The default configuration file is commented in various places, and is also listed at the end of this section. (The comments are the reason the default configuration is in the form of a string: keeping it as a Python object would lose the comments once transformed into a TOML string or file.)

Note that in TOML, some string rules apply to values: strings should always be quoted (with double quote characters). It is possible to have multiline strings, with triple (double) quotes, similar to Python. Floating point values should always contain a fractional part or exponent (or both); otherwise, the value is interpreted as an integer, or invalid. This should be clear from the default configuration file, where, for example, the percentiles are all floating points, even though the default percentiles happen to be all integer values. For more details, see the TOML specification.

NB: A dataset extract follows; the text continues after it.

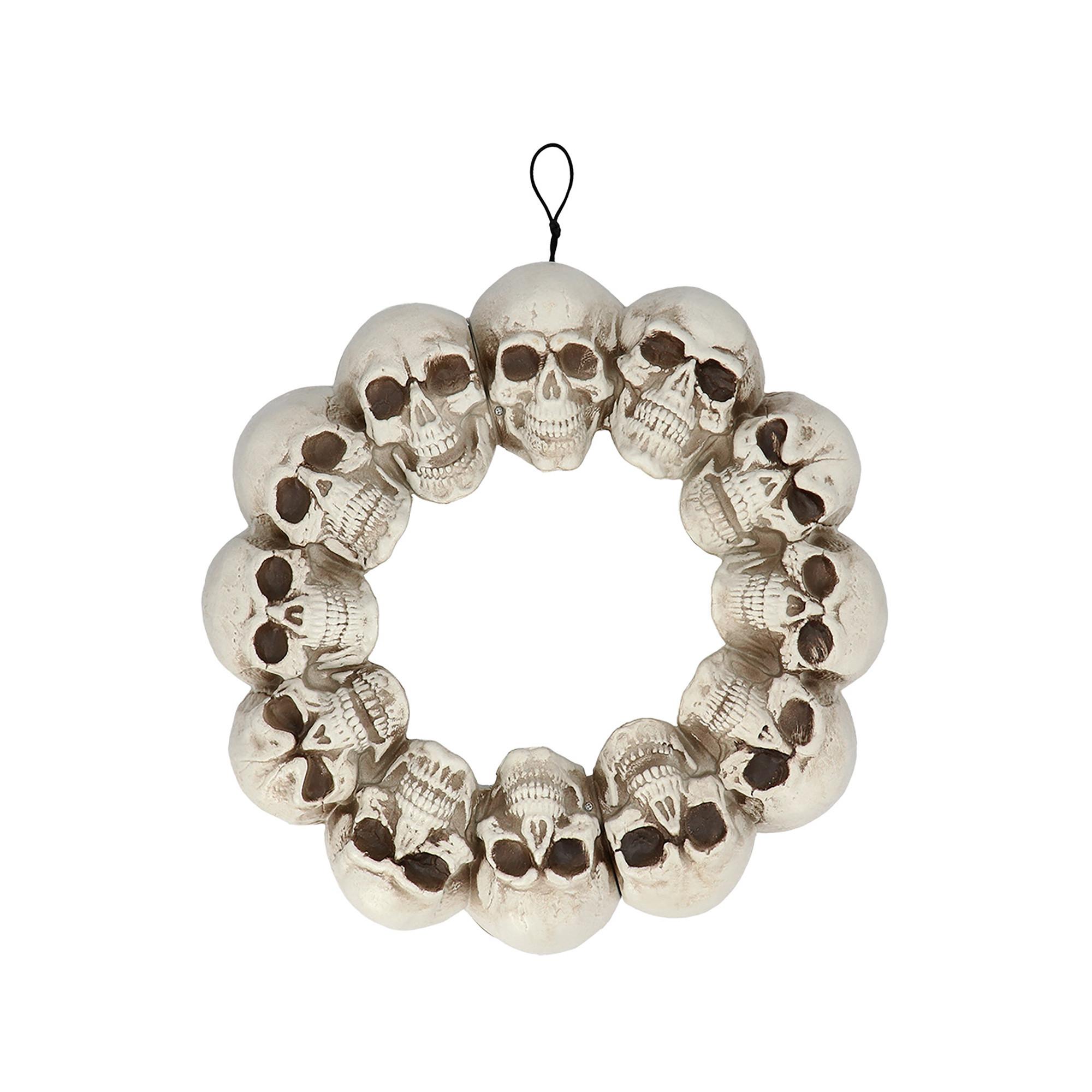 Una decorazione terrificante da appendere alla porta o sulla mensola del camino. Questa ghirlanda di teschi di Halloween è riccamente decorata con spaventosi teschi, che evocano un'atmosfera di mistero e malizia, perfetta per una casa infestata o per una festa spettrale.
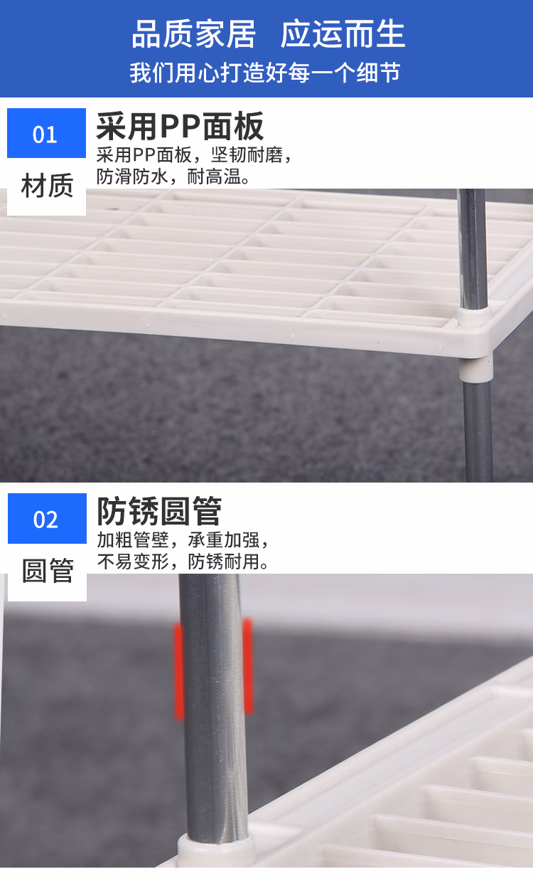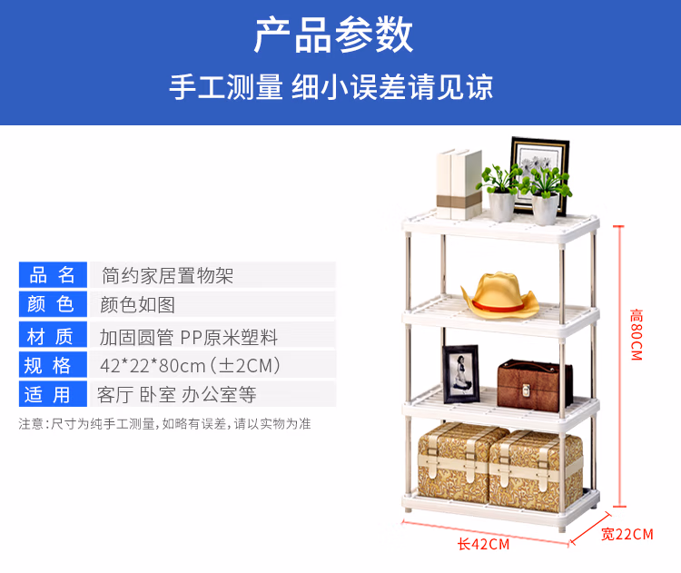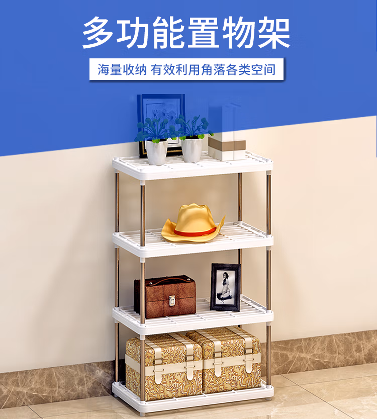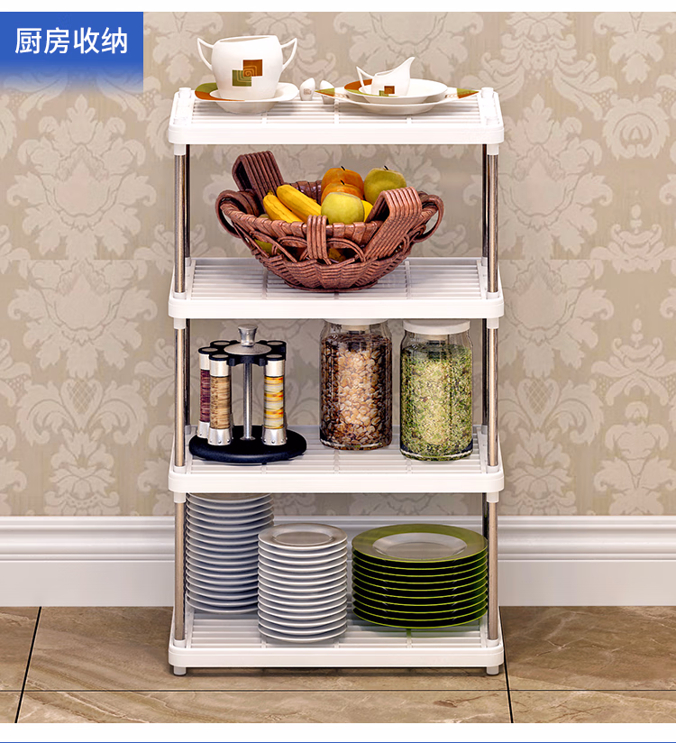 林仕屋厨房置物架落地 台面收纳架 卫生间浴室置物架 四层层架 落地储物架 自营办公室家用收纳架书架

The configuration file is made up of several sections; these correspond one-to-one to the main keys in the default_config object. These sections can be in random order, and are:

  • scenario

    Definitions belonging to the requrested scenarios, such as the names, epochs, percentiles to match with the annual and percentage of precipitation change.

  • areas

    Definitions of the possible areas of concern. For rectangles, use w, e, s and n indicators, though it is also possible to use lat and lon with a 2-element array of values. For single points, use just lat and lon with a single value. Note that all these values should be floating point values. For a global area, there is a special string value "global".

  • variables

    Some definitions about variables. Currently, it only sets a list of short variable names for which relative changes should be calculated, such as pr.

  • statistics

    Which statistics (mean, percentiles) to calculate. There are two subsections, one for the change in temperature (tas_change), which leads to the calculation of the steering table; and the statistics for the local, regional, changes in e.g. precipitation and temperature. (Note: this is not yet fully implemented, end of March 2020.)

  • resampling

    This sets the most important parameters for the three resampling steps. The conditions for resampling step 2 are given through another file, as this would be a lengthy section in itself. An example of this file can be found in the config/ directory. There is not yet a completely built-in configuration for this file, that is, at least the default should be copied into the current working directory (it will then automatically be found and read).

  • data

    This section is a long one, with various definitions about the input data sets. It is split into a few sections: one about cmip data, one about “extra” data (concerning the model of interest), and one for matching datasets (i.e., historical and future experiments). The latter has subsections in the cmip and extra subsections, which can override the base “data.matching” settings. There is also a “data.filenames” section, which defines the filename format for various dataset through a regular expression pattern. This is needed when attributes are deduced from the filenames (e.g., if the attributes are not available directly through a data file).

  • plotting

    This section is defined, but its functionality is, as of end of March 2020, not yet implemented. Once implemented, this allows one to control e.g. the figure size, colors, transparency (alpha) and a few other options.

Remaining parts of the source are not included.